I have always been pretty open about my struggles with anxiety and depression, as well as about the fact that I take what I guess could be described as a copious amount of prescription drugs to combat the disorders. It is what works for me and I am perfectly OK with this.
What has begun to worry me though, now that my husband and I are beginning to consider starting a family, is how my battle with these ailments will affect both my pregnancy and our future children.
Because for one, my husband and I have made the firm decision that I will absolutely not continue to pop my pills once we are trying to conceive, and while I am pregnant and (hopefully) breastfeeding. Studies have shown that some of the drugs used to treat anxiety and depression can lead to heart and lung problems, low birth weight and even physical malformation in an unborn child, and these are not things I am willing to risk. So my plan is to be one hundred percent medication-sober. This scares the absolute heck out of me.
My entire life I've been an anxious person. My fifth grade report card states, "Lauren is an excellent student and first-rate reader but she worries like an old man." The depression started later, when I was 18 and in college, and away from home. But when all is said and done, I have been treating both ailments with pharmaceutical remedies for over ten years. Who am I going to be when I stop? Am I going to be able to deal with every day situations without collapsing into a puddle of worry and tears? Will I be able to get out of bed every morning and keep up with the physical activity and nutritional guidelines that will help make my pregnancy, and thus my baby, a healthy one?
I comfort myself with the idea that yes, though it would be a difficult thing to watch a son or daughter of mine fight anxiety or depression at least I am in a good position to help.
Of course I will do what is best for my child, because this is a child I have so desperately wanted for years. But when it comes down to it depression is a powerful force and anxiety is a curmudgeonly nagging creature and they are both, separately or together, intensely difficult to fight. And what happens if after my tiny, fragile, beautiful baby is born, I become depressed postpartum? Will I be able to deal with that?

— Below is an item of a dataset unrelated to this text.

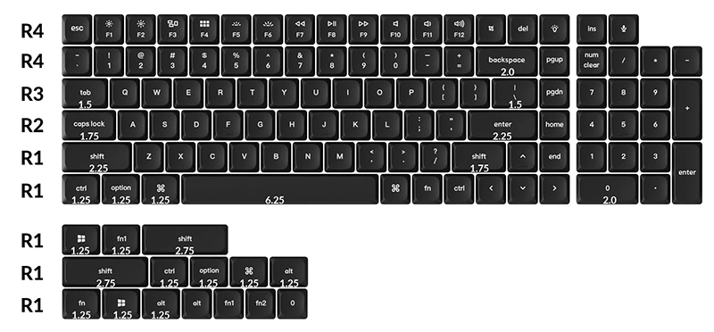 Full set Các Bộ Keycap Keychron White PBT Double-shot LSA Low Profile có tất cả các keycap bạn cần cho bàn phím Keychron cấu hình thấp ANSI bố trí K1, K1 SE, K3, K5, K5 SE và K7 |

I also worry about my husband. If I do struggle through an un-medicated pregnancy will he be able to deal with that? Over the years he's been an absolutely amazing partner during my bouts of depression and he is unparalleled at soothing my anxieties, but is this putting entirely too much pressure on him? He assures me that it is not, but still, I fret.
And lastly I'm concerned with the genetics of it all. Depression runs heavily on both sides of my family. So this is something I could feasibly pass down to my children. I hope beyond all hope that my struggles will not be their struggles, that they will take after their dad in this respect but really there's nothing I can do to ensure that. I comfort myself with the idea that yes, though it would be a difficult thing to watch a son or daughter of mine fight anxiety or depression at least I am in a good position to help. I can show compassion. I can empathize. I can understand. Nonetheless, I do not want that for my child. No one does.
In the end, I know I'll be a good mom. And I am determined to be a great one. I know that despite my doubts, I am a strong enough person. I also know that I am willing to do whatever it takes to make my family, a family that I want so very badly, a healthy and happy one. So I am learning to take things one day at a time, to take deep breaths and to stress the idea that I do not know what will happen and so there is no sense in dwelling on it all now.